PRIMA VISIO, cap. VIII
The Angels' Fatal Pride
A multitude of angels, dazzled by their own brightness, forgot their Creator and resolved to exalt themselves above God.
But there was a certain innumerable multitude of angels who wanted to be from themselves, because when they saw their own great and glorious brightness shining in the highest, they led their Creator into oblivion. And before they had even begun to praise him, they reckoned among themselves that the splendor of their honor was so great that no one could resist them, and so they wanted to obscure God. For when they saw that they could never bring him to an end in his miracles, they abhorred him, and although they ought to have praised him, through a deceitful opinion they said that in their great brightness they would choose another god.1
The Fall into Darkness
The rebellious angels fell into darkness and powerlessness, and Lucifer, once adorned with all creaturely splendor, was cast out into lightless horror by divine justice.
And so they fell into darkness, reduced to such impossibility that they can do nothing in any creature except what is permitted to them by their Creator. For when God had adorned the first angel, who is called Lucifer, with all the ornaments of creatures, which he had given to all creatures, in such a way that even his whole host would have its splendor from there, he himself, going into the opposite, became more horrible than all the horrors, because the holy Divinity, in his zeal, cast him out into a place that is without light.2
The Soul's True Radiance
When a person turns to imitate the Creator, they are drawn out of brutish irrationality and begin to shine with the radiance of their rational nature.
When someone turns to imitate their Creator, as if pulled out of a kind of brute irrationality, they begin to shine with the radiance of their rational nature.
Read the original Latin
Quaedam autem innumerabilis multitudo angelorum erat qui a se ipsis esse voluerunt, quoniam cum claritatem suam magnam et gloriosam in maxima coruscatione viderent, Creatorem suum in oblivionem duxerunt.

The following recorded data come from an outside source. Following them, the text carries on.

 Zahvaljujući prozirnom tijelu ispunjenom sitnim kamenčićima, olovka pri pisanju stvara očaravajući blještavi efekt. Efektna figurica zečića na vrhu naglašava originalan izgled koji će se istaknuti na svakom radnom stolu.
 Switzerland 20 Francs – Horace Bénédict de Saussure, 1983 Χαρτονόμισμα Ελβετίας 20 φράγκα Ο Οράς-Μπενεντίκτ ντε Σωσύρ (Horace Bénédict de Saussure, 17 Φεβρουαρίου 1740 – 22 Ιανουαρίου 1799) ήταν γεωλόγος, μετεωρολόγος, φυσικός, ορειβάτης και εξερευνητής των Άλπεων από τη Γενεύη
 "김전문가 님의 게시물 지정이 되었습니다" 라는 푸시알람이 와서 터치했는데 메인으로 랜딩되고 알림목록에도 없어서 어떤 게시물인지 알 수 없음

Et priusquam etiam eum laudare incoepissent, in semetipsis computabant quod fulgor honoris eorum tantus esset, ut nullus eis resistere valeret; quapropter et Deum obfuscare volebant. Nam cum viderent quod eum in miraculis suis nunquam ad finem perducere possent, ipsum abhorruerunt, et cum eum laudare deberent, per fallacem opinionem dicebant quod in magna claritate sua alium deum eligerent. Unde in tenebras ceciderunt, ad tantam impossibilitatem redacti, ut in nulla creatura quidquam facere possint, nisi quantum eis a Creatore suo permittitur. Cum enim Deus primum angelum, qui Lucifer dictus est, cum omnibus ornamentis creaturarum quae omnibus creaturis dederat, ita ornasset, ut etiam totum agmen ejus inde splendorem haberet, ipse in contrarium vadens, horribilior cunctis horribilibus factus est, quoniam sancta Divinitas in zelo suo illum in locum qui sine luce est ejecit.

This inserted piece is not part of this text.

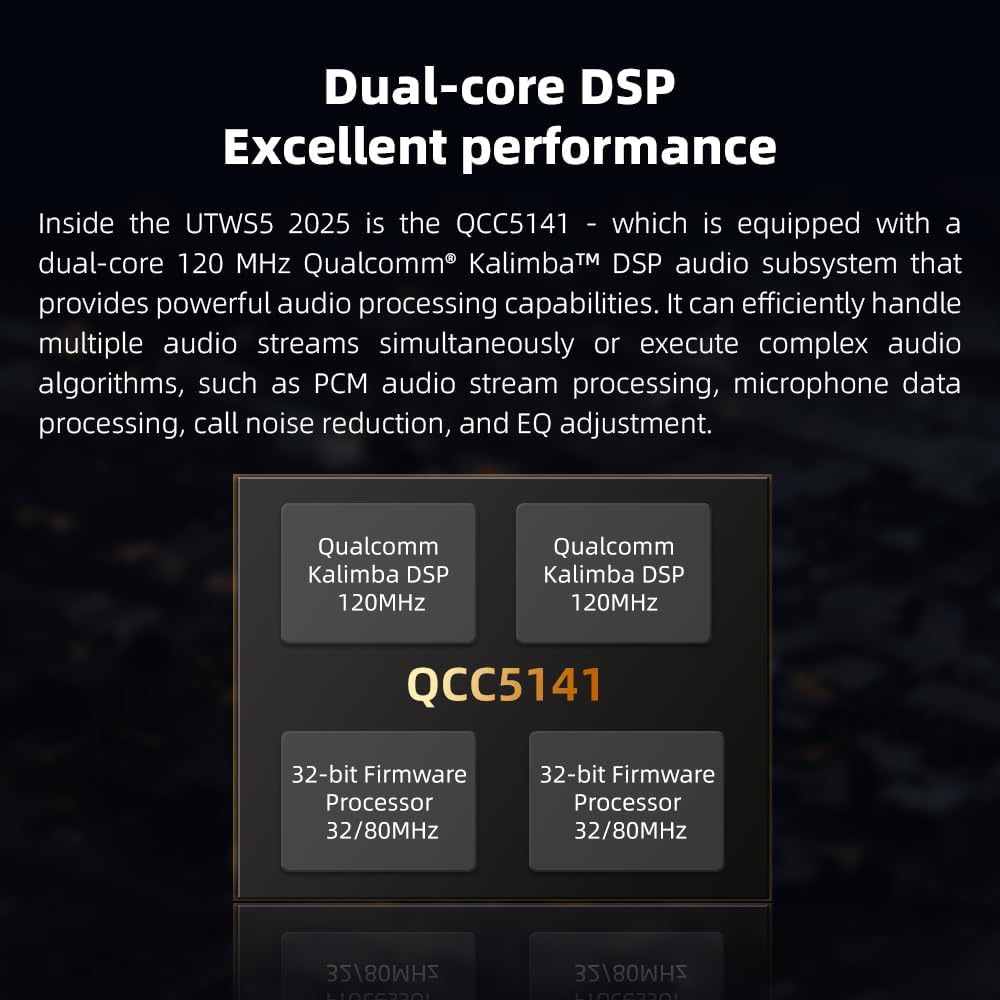 The UTWS5 2025 integrates a miniature wireless charging coil within a millimeter-scale design, upgrading the ear hook to a wireless charging solution. This completely solves the issue of oxidation on traditional charging contacts, significantly enhancing the durability of the ear hook, making it resistant to sweat, and allowing for carefree listening.

Quod homo ad imitationem Creatoris sui se dirigens, quasi ex quadam bestiali irrationabilitate abstractus, fulgore rationalis naturae radiare incipiat.
Notes
- 1 ↩The second 'cum' (token 16) is rendered concessive ('although') rather than temporal, following the candidate gloss difficulty note and the adversative sense of the passage.

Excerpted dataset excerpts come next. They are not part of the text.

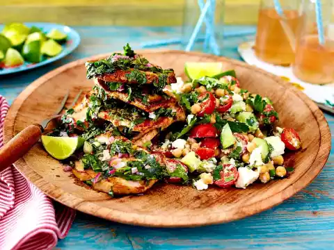Drain the chickpeas, rinse with cold water and drain. Wash the cucumber thoroughly, cut it in half lengthwise, remove the seeds and dice. Wash and halve the tomatoes. Crumble feta. Wash half the parsley, shake dry and chop. Mix 3 tbsp. oil and 3 tbsp. lime juice. Season with salt and pepper. Mix the salad ingredients with the marinade.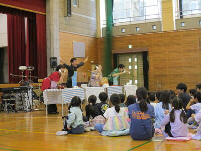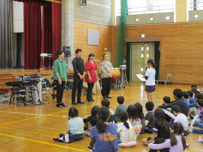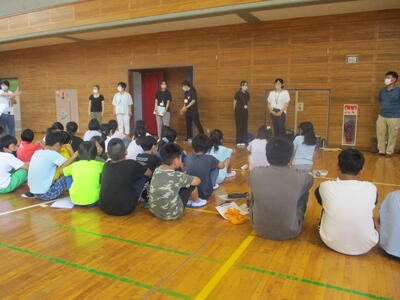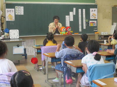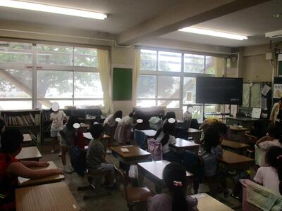 夏休み初日。今日は図書室の開放日となっています。それに合わせて、おはなしサークル「かみふうせん」の方々の読み聞かせを行いました。コロナ禍でしばらく中止していたので数年ぶりの開催です。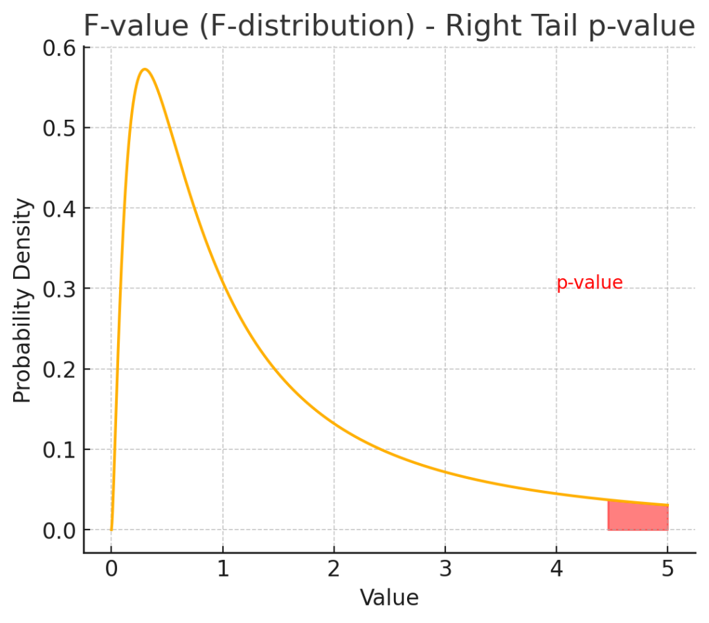 - 정의: 자유도가 $df_1$인 카이제곱 분포 $V_1$과 자유도가 $df_2$인 카이제곱 분포 $V_2$를 독립적으로 갖는 두 변수에 대해, F-값은 다음과 같이 정의된다.

- 2 ↩The first 'cum' (token 0) is temporal ('when'), 'enim' is explanatory ('For'), and the second 'cum' (token 9) is taken as prepositional ('with all ornaments') governing the ablative, following the candidate gloss difficulty note. 'Divinitas' is rendered as 'Divinity' rather than 'Godhead' to stay close to the surface form while preserving theological weight.